Babymoon é uma espécie de lua de mel antes do bebê nascer
Agência Brasil
Resumo
A prática da babymoon, viagem feita durante a gestação, tem sido adotada por casais brasileiros para fortalecer a conexão do casal e proporcionar descanso emocional antes da chegada do bebê.
O segundo trimestre da gravidez, especialmente entre 18 e 24 semanas, é apontado pela ginecologista Vanessa Apfel como o período ideal para a viagem, por oferecer menor risco de complicações e maior bem-estar à gestante.
Cuidados essenciais incluem hidratação constante, roupas confortáveis, pausas para circulação, uso do cinto de segurança, cartão de pré-natal em mãos e, em caso de viagens aéreas, respeito ao limite de 36 semanas e apresentação de atestado médico.
A chegada de um novo membro na família traz alegria, mas também uma rotina intensa de preparativos. Para equilibrar a ansiedade e as transformações físicas, casais brasileiros têm adotado a babymoon — uma "lua de mel" durante a gestação.

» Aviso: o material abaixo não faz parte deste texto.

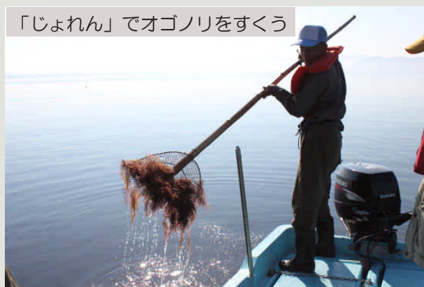
「じょれん」でオゴノリをすくう

地元漁師さんの指導のもと、早速「じょれん」を使って底をすくいあげると、たちまち船上はみずみずしいオゴノリの山。
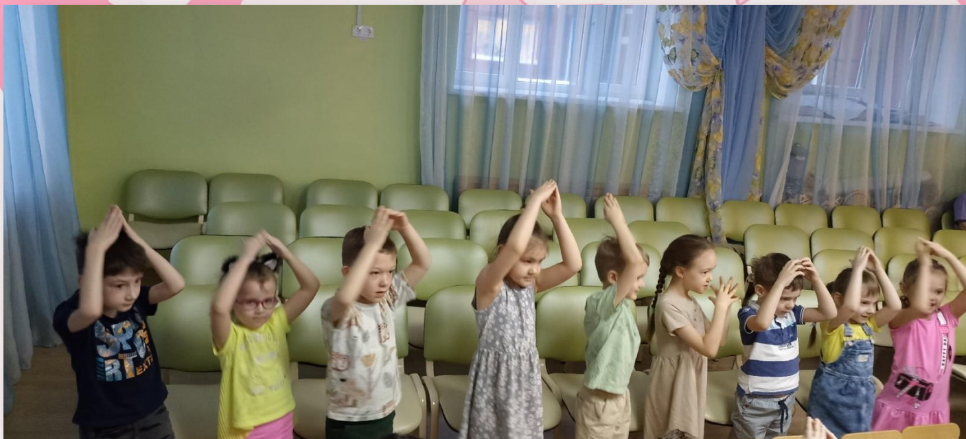
На спектакле дети играли в игры и весело танцевали.
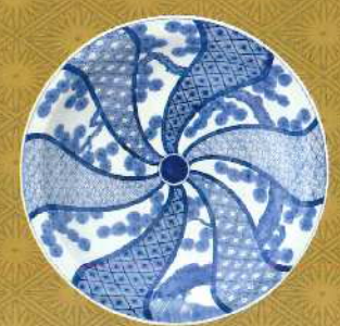
染付松樹捻花文大皿 肥前有田 1780~1800年代
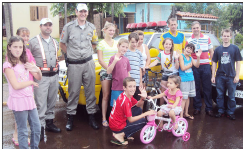
Belo gesto de Natal Polícia Rodoviária, Correios e empresários entregam presentes
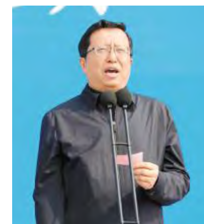
眉山市委书记慕新海宣布项目开工

慕新海书记向四川省委汇报了本次眉山重大项目开工情况,并表示,本次眉山市集中开工建设项目共计44个,总投资330亿元,包括全球最大高效晶硅电池项目等多个在全国乃至全球具有较强影响力、引领性的优质项目。
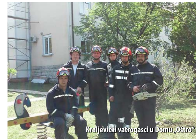
Kraljevički vatrogasci u Domu „Oštro“

Tijekom Mjeseca zaštite od požara, članovi operative DVD-a Kraljevica posjetili su Dom za djecu i mladež „Oštro“, dok su prostorije vatrogasnoga doma posjetila djeca Osnovne škole „Kraljevica“.

Mais do que lazer, a prática busca fortalecer a conexão do casal e proporcionar descanso emocional.
Segundo a médica ginecologista Vanessa Apfel, do CEJAM, o período ideal para a viagem é o segundo trimestre. "Entre 18 e 24 semanas há menor risco de complicações. É o momento de alívio do estresse e de intimidade a dois antes da nova fase", explica. A médica ressalta cuidados essenciais: hidratação constante, uso de cinto de segurança e pausas para circulação em trajetos longos.

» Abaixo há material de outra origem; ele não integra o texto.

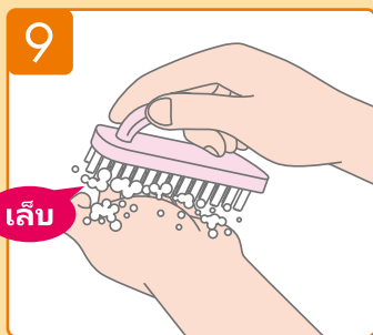
ใช้แปรงขัดเล็บถูเบา ๆ บริเวณใต้เล็บของคุณ
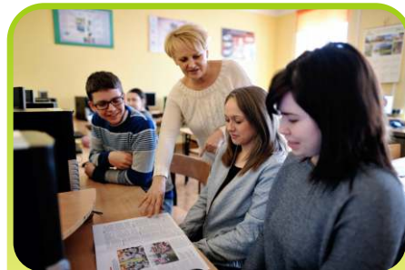
Na zajęciach analizujemy artykuł prasowy.
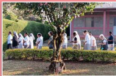
Rezo del Santo Rosario en la misión de Dubbo.
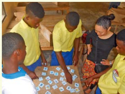
アイコンかるたを使った授業

ガーナの職業訓練校にて、全校生徒を対象にパソコンの基礎を教えてきました。ガーナでは停電の頻度がとても高く、なかなか実践的なパソコンの知識を教えることができません。そこで、電気がなくても実践的な内容を勉強できるように、数々の教材開発を行いました。たとえば「アイコンかるた」。MS Officeのアイコンを1枚ずつカードにし、かるたのようにアイコンの名前を呼んでその絵札をとる、というものです。これは勉強嫌いなガーナ人の生徒たちにも大好評でした。

O momento ideal para viajar
Embora a vontade de viajar possa surgir a qualquer momento, a ciência aponta uma janela perfeita. De acordo com a ginecologista Vanessa Apfel, do CEJAM, o segundo trimestre é o "ponto ideal".
“A época recomendada é entre 18 e 24 semanas, quando o bem-estar costuma ser maior e o risco de complicações é menor em relação ao início ou ao final da gravidez”, afirma a médica.
Para quem planeja pegar a estrada ou voar, a Vanessa reforça que a segurança vem primeiro: hidratação, roupas confortáveis e o cartão de pré-natal sempre à mão são itens obrigatórios. Em voos, o limite geralmente é de 36 semanas (gestação única), mas o atestado médico é indispensável.
O fator emocional é o maior benefício. A pausa permite que o casal processe as mudanças hormonais e físicas com leveza. "É uma forma de se conectarem enquanto ainda são apenas dois", pontua a Dra. Vanessa.